While Ribbon does not discuss transaction volume or inventory, Piazza said most of Ribbon’s customers “use Ribbon Boost to purchase the home without Ribbon. For those that use Ribbon Reserve, we purchase the home first until they’re able to secure their mortgage. Ribbon’s inventory of homes consists of these Ribbon Reserve homes we’re reserving for our customers. Our customers typically repurchase within a few months of moving in.
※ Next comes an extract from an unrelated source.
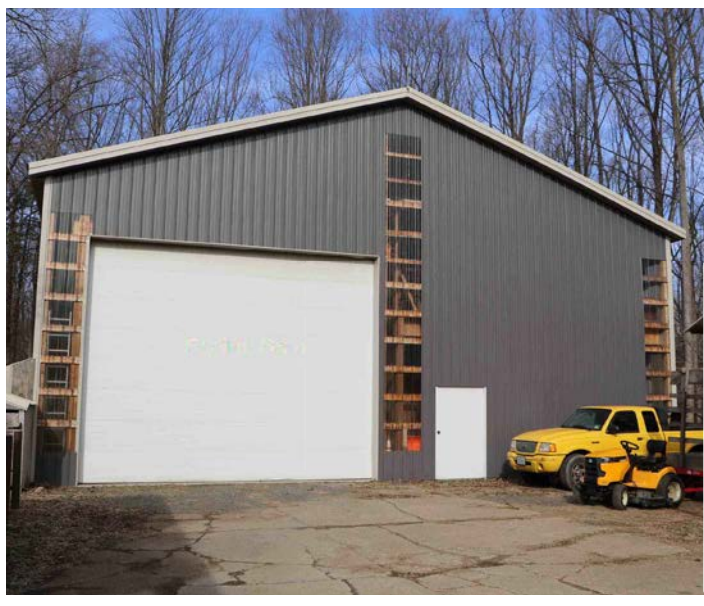
Figure B-2 Existing Structure #2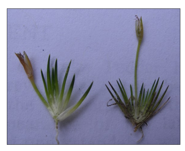
Plate 3. Centrolepis muscoides & C. pedderensis at the fruiting stage

As a result our inventory cycles out upon those repurchases.”
Piazza said the “vast majority” of buyers who use the Ribbon Reserve program follow through and repurchase the home from Ribbon, for the price that Ribbon paid.
“In the rare occasions the repurchase does not happen, Ribbon like any other home seller is subject to fluctuations in market prices,” Piazza said. “Our model reduces our exposure to market prices because the vast majority of our customers either purchase the home directly, or repurchase the home at the original price.”
Piazza declined to say whether Ribbon will lay off more workers.
“Internal decisions, like hiring decisions or reductions in force, are always shared first with employees out of respect for them,” he said.
One real estate broker who just partnered with Ribbon last month told Inman that while none of her agents have had the opportunity to use Ribbon yet, she’s “absolutely” willing to wait for the company to adjust its offerings.
Kristyn Cooley, managing broker at Crye-Leike in Hot Springs, Arkansas, said that because Hot Springs is not a major metro market, she had to get on a waiting list before her brokerage was approved as a Ribbon partner.
“I know in a lot of the other markets [where Ribbon is active], many of the managers had a great experience,” Cooley told Inman. “I wish I’d had the opportunity to work with them.”
Because Hot Springs is a second home and vacation destination market, Cooley said she’d expected Ribbon would be a valuable tool.
“Our agents will continue to use other Ribbon products as they get familiar with them,” Cooley said.
Ribbon also has multi-state partnerships with lenders Amerifirst Home Mortgage and Fairway Independent Mortgage Corp. A spokesperson for Fairway said the company had no comment. Amerifirst did not respond to requests for comment.
The September 2021 funding round, which included $75 million in equity funding, was led by Greenspring Associates with participation from existing investors Greylock, Bain Capital Ventures, NFX, Nyca, Thomvest and Jake Seid. New strategic investors included First American Financial, Waterfall Asset Management, TriplePoint Capital, Spencer Rascoff’s 75 & Sunny Ventures, Gary Beasley, Gregor Watson, and Guy Gal.
Just one week after Ribbon announced the Series C funding round, lead investor Greenspring Associates was acquired by StepStone Group Inc., a publicly traded global private markets investment firm with $135 billion in assets under management as of Sept. 30. A spokesperson for StepStone said the firm had no comment on recent developments at Ribbon.
Editor’s note: This story was updated on Nov. 11 to include additional comments from Ribbon.